= Beginning of Section =

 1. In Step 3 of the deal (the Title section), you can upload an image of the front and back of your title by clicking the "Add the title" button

= End of Section =
= Beginning of Section =

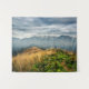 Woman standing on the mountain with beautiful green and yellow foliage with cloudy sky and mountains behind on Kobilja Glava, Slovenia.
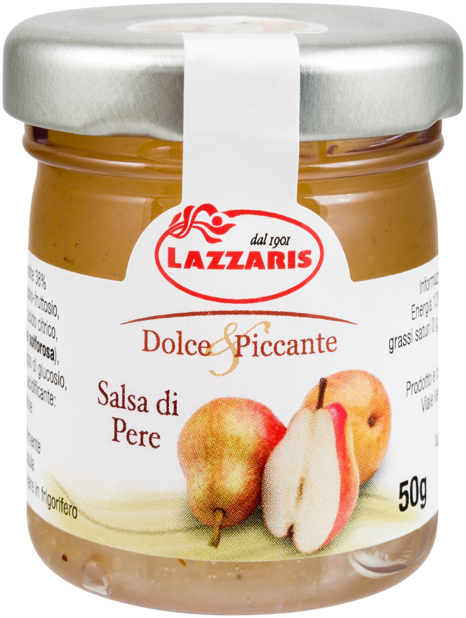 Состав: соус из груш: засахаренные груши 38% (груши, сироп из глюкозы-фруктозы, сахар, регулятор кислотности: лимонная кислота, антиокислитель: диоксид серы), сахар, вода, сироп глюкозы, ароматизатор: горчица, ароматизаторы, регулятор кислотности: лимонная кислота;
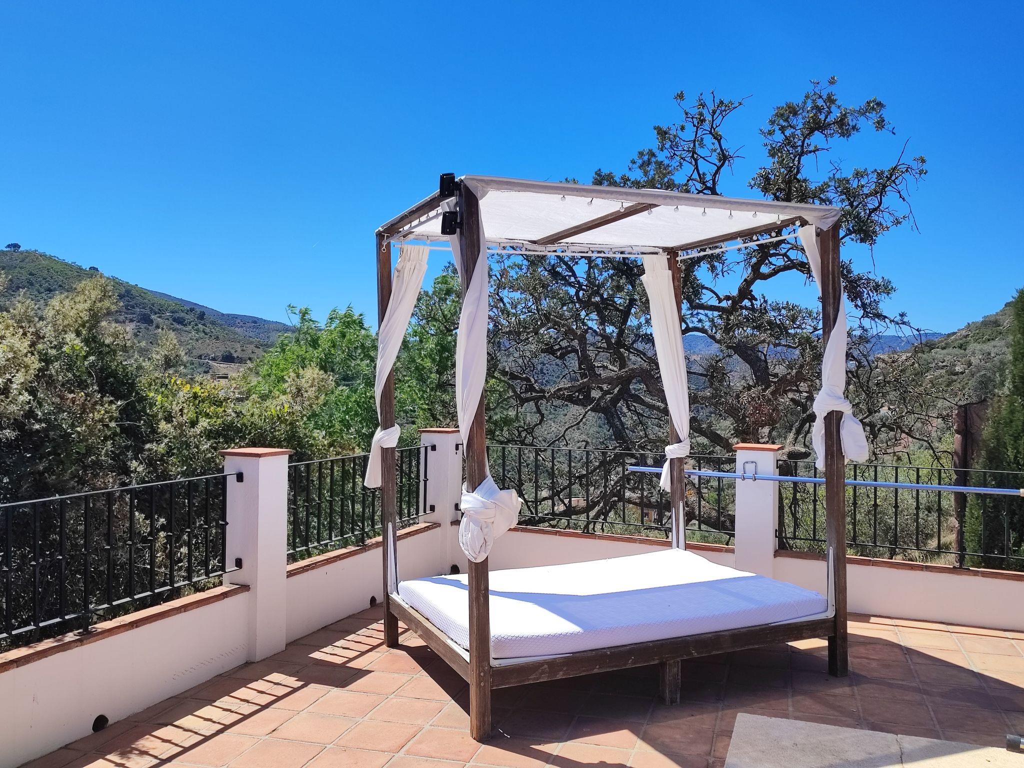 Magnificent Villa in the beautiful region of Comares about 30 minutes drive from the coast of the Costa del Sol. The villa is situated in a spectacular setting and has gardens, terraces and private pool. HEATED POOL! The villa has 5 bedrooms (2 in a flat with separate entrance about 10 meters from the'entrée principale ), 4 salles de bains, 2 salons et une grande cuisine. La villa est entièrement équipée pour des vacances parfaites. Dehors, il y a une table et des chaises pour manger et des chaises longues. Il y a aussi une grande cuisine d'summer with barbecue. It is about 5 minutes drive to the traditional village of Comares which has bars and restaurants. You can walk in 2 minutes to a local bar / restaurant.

= End of Section =

Quote word for word only the lines above from the one containing "Woman standing on" through the one containing "Magnificent Villa in". Pictures stay out of your copy.

TASK SOLUTION:
 Woman standing on the mountain with beautiful green and yellow foliage with cloudy sky and mountains behind on Kobilja Glava, Slovenia.
 Состав: соус из груш: засахаренные груши 38% (груши, сироп из глюкозы-фруктозы, сахар, регулятор кислотности: лимонная кислота, антиокислитель: диоксид серы), сахар, вода, сироп глюкозы, ароматизатор: горчица, ароматизаторы, регулятор кислотности: лимонная кислота;
 Magnificent Villa in the beautiful region of Comares about 30 minutes drive from the coast of the Costa del Sol. The villa is situated in a spectacular setting and has gardens, terraces and private pool. HEATED POOL! The villa has 5 bedrooms (2 in a flat with separate entrance about 10 meters from the'entrée principale ), 4 salles de bains, 2 salons et une grande cuisine. La villa est entièrement équipée pour des vacances parfaites. Dehors, il y a une table et des chaises pour manger et des chaises longues. Il y a aussi une grande cuisine d'summer with barbecue. It is about 5 minutes drive to the traditional village of Comares which has bars and restaurants. You can walk in 2 minutes to a local bar / restaurant.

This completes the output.